#### EXTRACTED DATA:

※

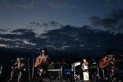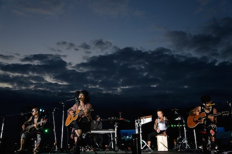 「BEAST PARTY」では毎回アコースティックスタイルでカバー曲を披露しているVAMPS。今年は、HYDEとJINの2人による演奏でバラード調にアレンジしたJITTERIN'JINN「夏祭り」が届けられ、しっとりしたアンサンブルが海辺に艶のあるムードを生み出す。さらにK.A.Z、Ju-ken、Arimatsuの3人も合流し、パフォーマンスを繰り広げる。「僕な好きな人が好きだった曲を」というHYDEの紹介から披露された「evergreen」、Arimatsuの叩くカホンによって軽やかなアレンジに仕上がった「THE JOLLY ROGER」と続く。HYDEが小さな鐘を鳴らしながらゆったりと歌い上げた「MY FIRST LAST」では炎の演出も相まって幽玄な空気が会場を包み込んだ。なおこのブロックでは、メンバー1人ひとりが夏にまつわるトークを展開。それぞれ幼少時代の思い出を中心に語り観客を楽しませた。
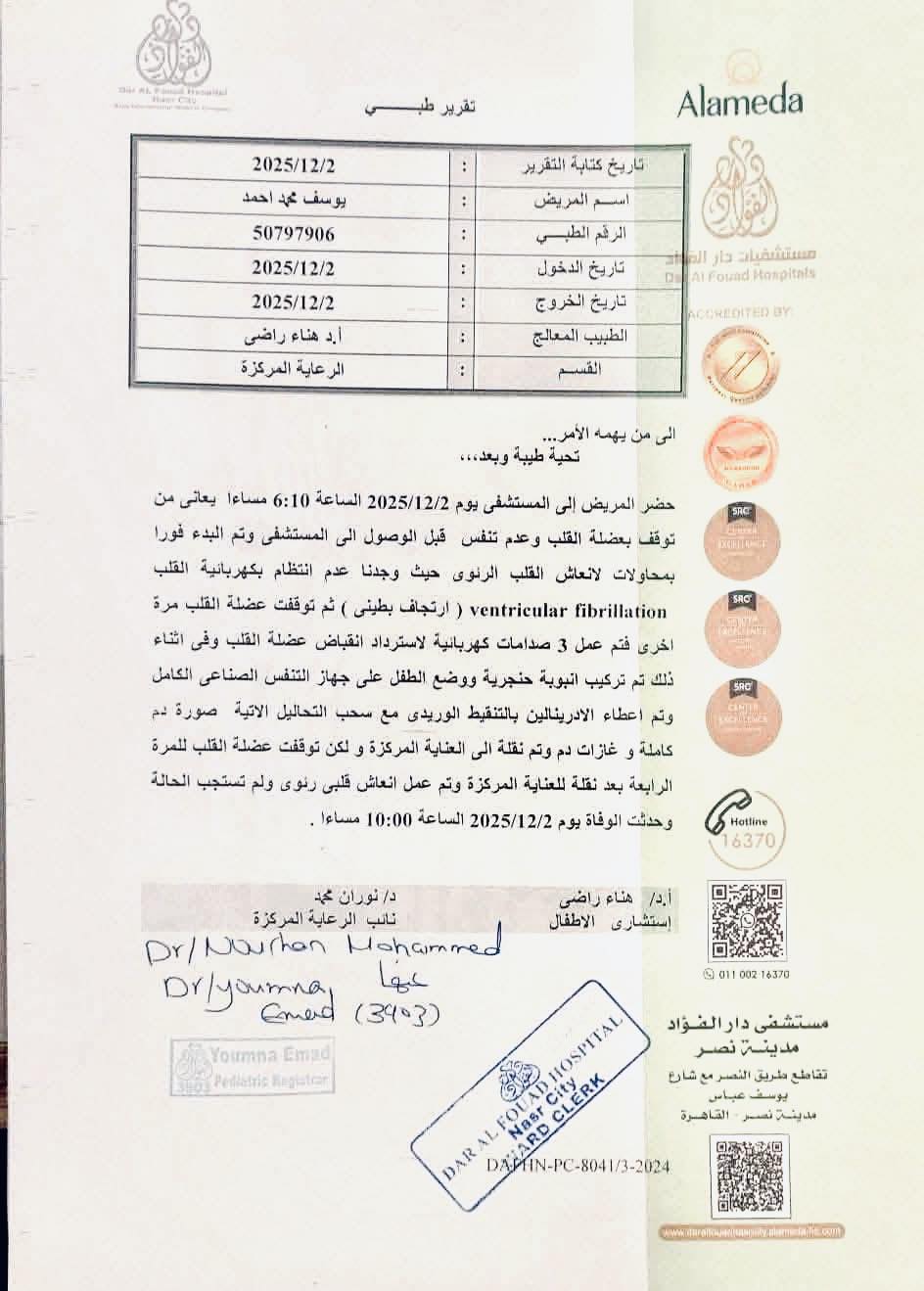 ووفقًا للتقرير، فقد وصل الطفل إلى المستشفى يوم 2 ديسمبر 2025 في تمام الساعة 6:10 مساءً وهو يعاني من توقف كامل في عضلة القلب وانعدام التنفس قبل وصوله.
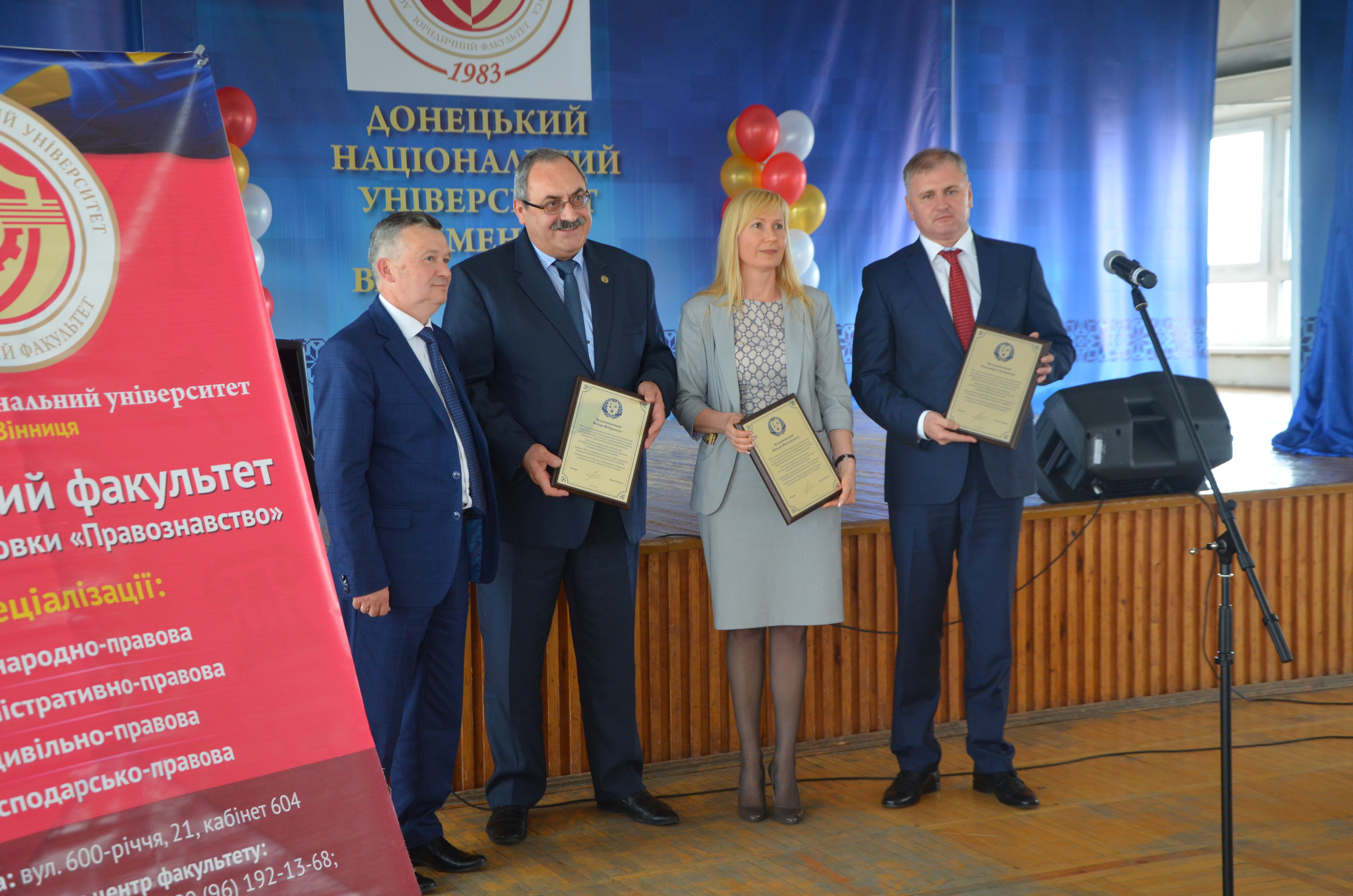 Варто відзначити, що суддя ВААС (за сумісництвом старший викладач ДонНУ) Андрій Загороднюк (Андрій Загороднюк), начальник відділу забезпечення діяльності голови суду та його заступника (за сумісництвом доцент ДонНУ) Олена Мілієнко (Елена Милиенко) та помічник судді ВААС (за сумісництвом старший викладач ДонНУ) Антоніна Пачевська(Антоніна Пачевська) завдяки своїй активній викладацькій діяльності стали частинкою факультетської родини і з нагоди ювілею були нагороджені.
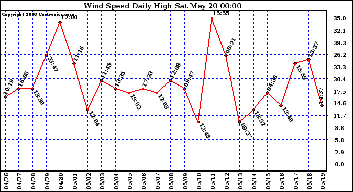 Milwaukee Weather -- 20060519 Wind Speed Daily High -- From curtronics.com by Curt Blank
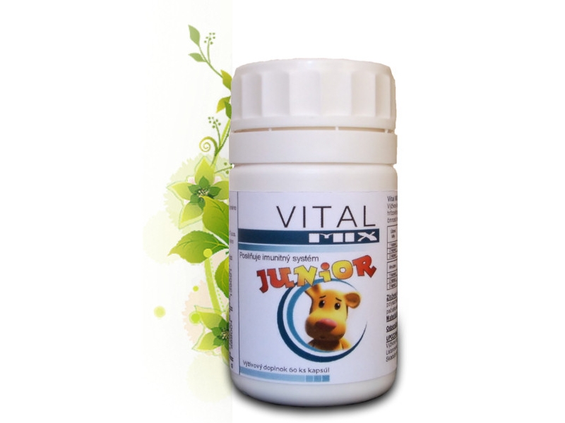 Jedna kapsula obsahuje zhustený výťažok troch druhov imunoglukánov a prirodzený výťažok z aceroly. Vo výťažku z aceroly nájdeme v prirodzenej forme najdôležitejšie vitamíny, minerálne látky a flavonoidy, ktoré napomáhajú prirodzenému vstrebávaniu extraktov z polysacharidov. Vo výťažku z Aceroly je minimálne 17% prirodzeného vitamínu C. Užívanie Vital MIX junior-u doporučujeme deťom, ktoré sa cítia ohrozené v dôsledku chrípkových a iných infekčných ochorení, alebo genetickej náchylnosti. Ich užívanie je vhodné aj pre mladých športovcov.
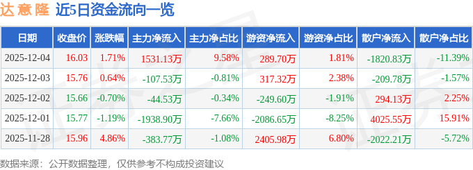 证券之星消息,截至2025年12月4日收盘,达 意 隆(002209)报收于16.03元,上涨1.71%,换手率6.4%,成交量10.01万手,成交额1.6亿元。
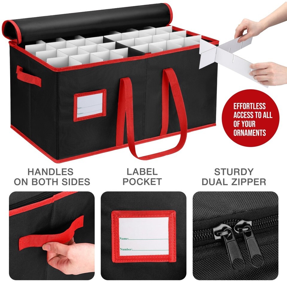 Sturdy Material: This Christmas ornament holder set is crafted with high-quality, sturdy tear-proof and waterproof 600D oxford fabric and double zipper lid, the ornament organizer storage box is designed to protect delicate ornaments from dust, moisture, and damage
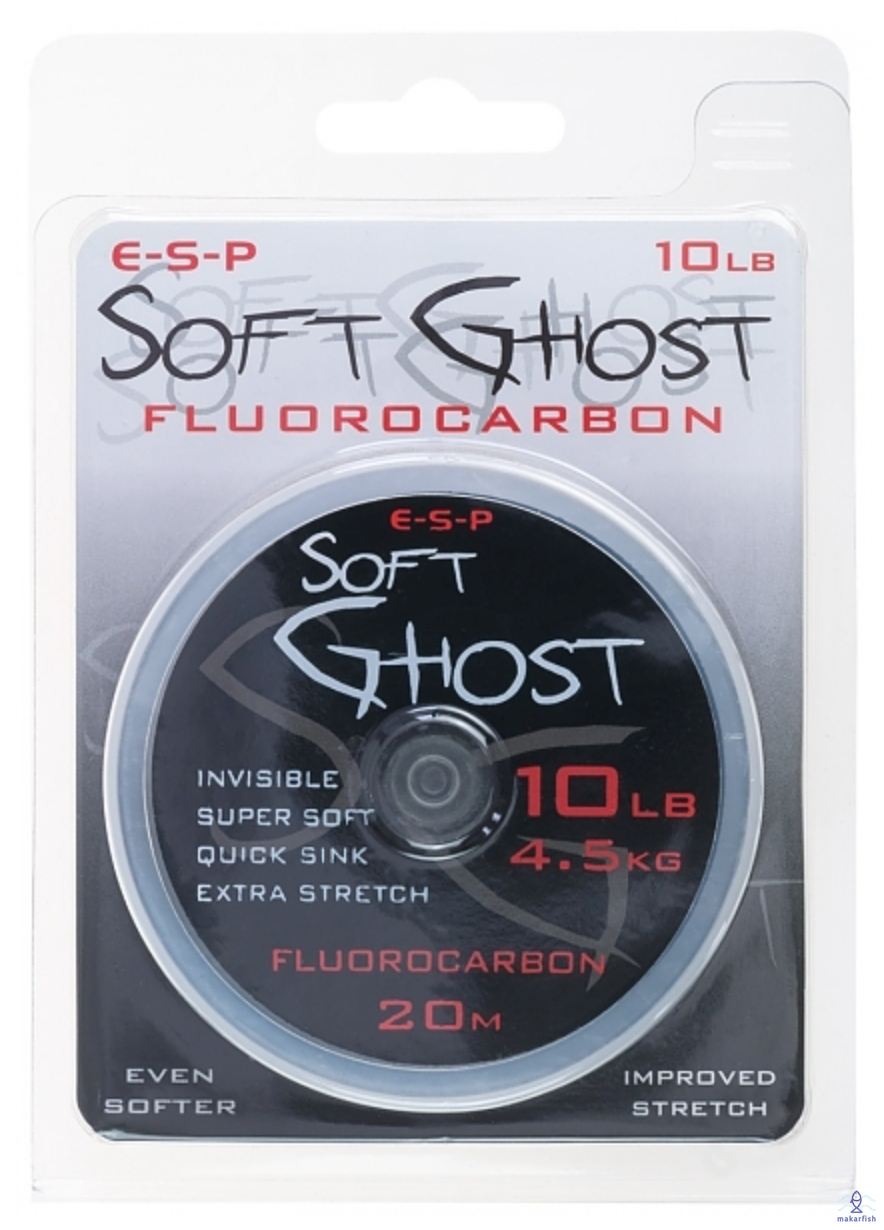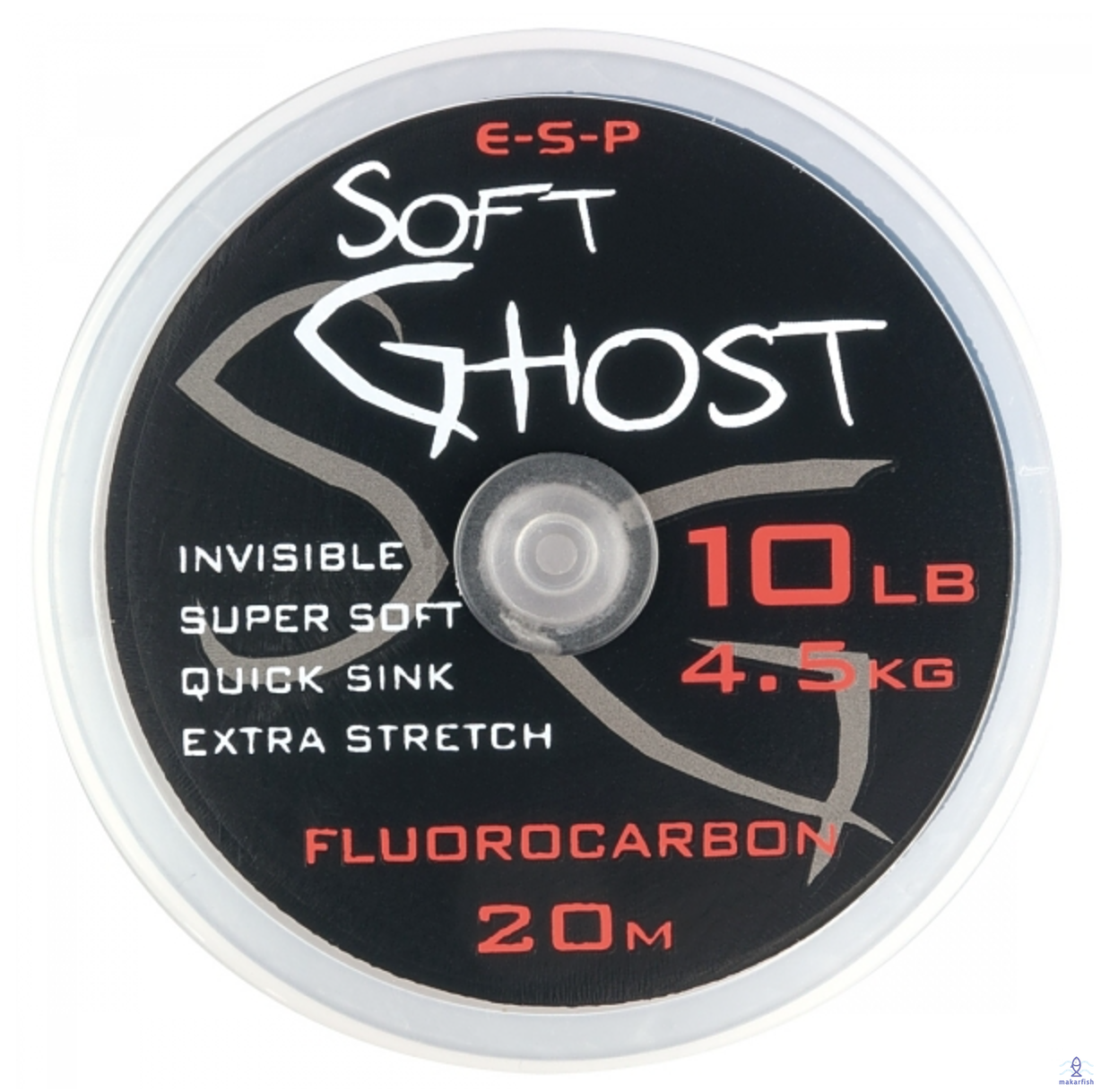 ESP Soft Ghost jest miększym i bardziej uniwersalnym materiałem. To czysty fluorocarbon o identycznym współczynniku załamania światła jaki ma woda, dzięki czemu jest praktycznie niewidzialny. Dzięki swojemu ciężarowi tonie natychmiastowo. Jest idealnym materiałem na przypony zwłaszcza przy połowie karpi w przezroczystej wodzie.

※

#### WORK ITEM:
Only the pictures are to be left out; everything else in the entries above must be duplicated exactly.

#### RESULT OF THIS TASK:
 「BEAST PARTY」では毎回アコースティックスタイルでカバー曲を披露しているVAMPS。今年は、HYDEとJINの2人による演奏でバラード調にアレンジしたJITTERIN'JINN「夏祭り」が届けられ、しっとりしたアンサンブルが海辺に艶のあるムードを生み出す。さらにK.A.Z、Ju-ken、Arimatsuの3人も合流し、パフォーマンスを繰り広げる。「僕な好きな人が好きだった曲を」というHYDEの紹介から披露された「evergreen」、Arimatsuの叩くカホンによって軽やかなアレンジに仕上がった「THE JOLLY ROGER」と続く。HYDEが小さな鐘を鳴らしながらゆったりと歌い上げた「MY FIRST LAST」では炎の演出も相まって幽玄な空気が会場を包み込んだ。なおこのブロックでは、メンバー1人ひとりが夏にまつわるトークを展開。それぞれ幼少時代の思い出を中心に語り観客を楽しませた。
 ووفقًا للتقرير، فقد وصل الطفل إلى المستشفى يوم 2 ديسمبر 2025 في تمام الساعة 6:10 مساءً وهو يعاني من توقف كامل في عضلة القلب وانعدام التنفس قبل وصوله.
 Варто відзначити, що суддя ВААС (за сумісництвом старший викладач ДонНУ) Андрій Загороднюк (Андрій Загороднюк), начальник відділу забезпечення діяльності голови суду та його заступника (за сумісництвом доцент ДонНУ) Олена Мілієнко (Елена Милиенко) та помічник судді ВААС (за сумісництвом старший викладач ДонНУ) Антоніна Пачевська(Антоніна Пачевська) завдяки своїй активній викладацькій діяльності стали частинкою факультетської родини і з нагоди ювілею були нагороджені.
 Milwaukee Weather -- 20060519 Wind Speed Daily High -- From curtronics.com by Curt Blank
 Jedna kapsula obsahuje zhustený výťažok troch druhov imunoglukánov a prirodzený výťažok z aceroly. Vo výťažku z aceroly nájdeme v prirodzenej forme najdôležitejšie vitamíny, minerálne látky a flavonoidy, ktoré napomáhajú prirodzenému vstrebávaniu extraktov z polysacharidov. Vo výťažku z Aceroly je minimálne 17% prirodzeného vitamínu C. Užívanie Vital MIX junior-u doporučujeme deťom, ktoré sa cítia ohrozené v dôsledku chrípkových a iných infekčných ochorení, alebo genetickej náchylnosti. Ich užívanie je vhodné aj pre mladých športovcov.
 证券之星消息,截至2025年12月4日收盘,达 意 隆(002209)报收于16.03元,上涨1.71%,换手率6.4%,成交量10.01万手,成交额1.6亿元。
 Sturdy Material: This Christmas ornament holder set is crafted with high-quality, sturdy tear-proof and waterproof 600D oxford fabric and double zipper lid, the ornament organizer storage box is designed to protect delicate ornaments from dust, moisture, and damage
 ESP Soft Ghost jest miększym i bardziej uniwersalnym materiałem. To czysty fluorocarbon o identycznym współczynniku załamania światła jaki ma woda, dzięki czemu jest praktycznie niewidzialny. Dzięki swojemu ciężarowi tonie natychmiastowo. Jest idealnym materiałem na przypony zwłaszcza przy połowie karpi w przezroczystej wodzie.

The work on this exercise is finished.